34. God's Government an Embodiment of Love

3 min read · Chapter 34 of 86

God’s Government an Embodiment of Love To sum up all these principles: God’s moral government is His holy love in active operation through His holy will, to the end that holiness, and therefore perfect happiness, might be the eternal lot of those He gave to Himself, that He might forever pour out upon them His infinite love. The moral government of the universe is therefore not a set of rules imposed on man by the arbitrary will of God, but a moral necessity for the happiness of man, growing out of the loving and holy nature of God. Between the nature of God and the moral law there is an eternal identity. He did not set up the moral law with no reference to the moral nature and craving for happiness He gave to man, and then arbitrarily force it on a race whose nature and needs it did not fit, with the demand that they fit themselves into it; neither can He repeal or change it to the slightest degree, as though it were something less than perfect, thus permitting change or being capable of improvement; for it is wholly fitted to accomplish His will to happiness for every one who submits to it. In its nature as law, it is such an expression of God’s will, motivated by His love, as can neither admit of change, or of less than absolute conformity to its last jot and tittle, without at once abruptly and completely ending all possibility of reaching the goal of happiness which He purposes for man. On this basis alone, therefore, God must rest all He does, as He prepares to rescue from slavery to their own wills those who are willing to be rescued. And reason requires us to assume that His love will move Him to restore to man at least as much as he lost by sin, provided it can be done in a way that will not affect to the slightest degree the unhindered accomplishment of His purpose of love to all the rest of His universe.

There are myriads of sinless angels around His throne. His love for them must maintain that condition in His moral universe which will keep permanent the well-being and happiness they already have. That there are also sinful beings in the universe, the race-wide experience of man gives sad and painful evidence. And so God’s love must also find a way to make possible again the well-being man has lost through sin. When His love, therefore, acts to maintain the perfect welfare of the sinless, such action must, in the nature of things, take the form of justice. For justice is simply maintaining that condition which God’s love demands should be maintained for the happiness of those who rely on Him for their welfare. And when His love acts also to secure the welfare of sinners which they lost through sin, just as certainly the action must take the form of mercy. For mercy is the doing of that which love, the same love which acts also in justice, demands should be done, to restore their welfare and happiness to those who have gone out of His will, and are in the realm where the goal is perfect ill-being and misery.
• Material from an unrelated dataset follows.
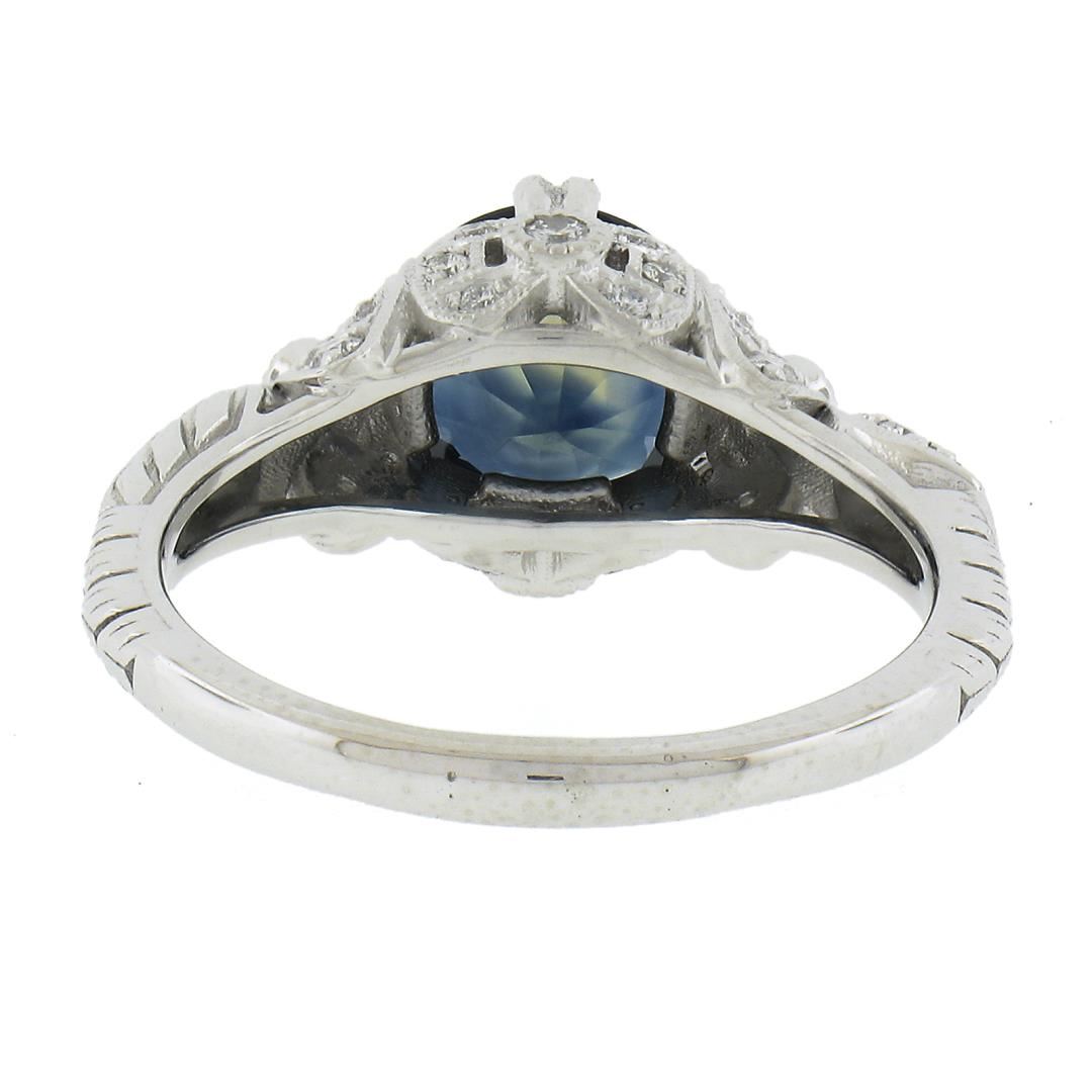 A solid platinum ribbon ring, with 1 GIA graded round cut natural sapphire (2.25ct), and 38 round cut natural diamonds (F/G - VS1/VS2 ; 0.32ctw). The ring is size 6.25, weighs a total of 6.37 grams, and measures 9.2mm wide. Comes with all original relevant certifications.

Thus the full-acting expression of God’s love, with both sinless and sinful beings in His universe, cannot escape taking the form of both justice and mercy. The operation of both these expressions of love must also be universal. That is, God’s love must take in, in its operation, every moral being in existence. For since God’s moral government is what He wills, being constantly maintained through all the universe, and since that which He wills is the unceasing expression of His holy love toward all in the universe, both sinless and sinful, His love must therefore seek the welfare of each moral being in His universe, without respect to character, and thus it cannot escape being universal in its purpose and outreach.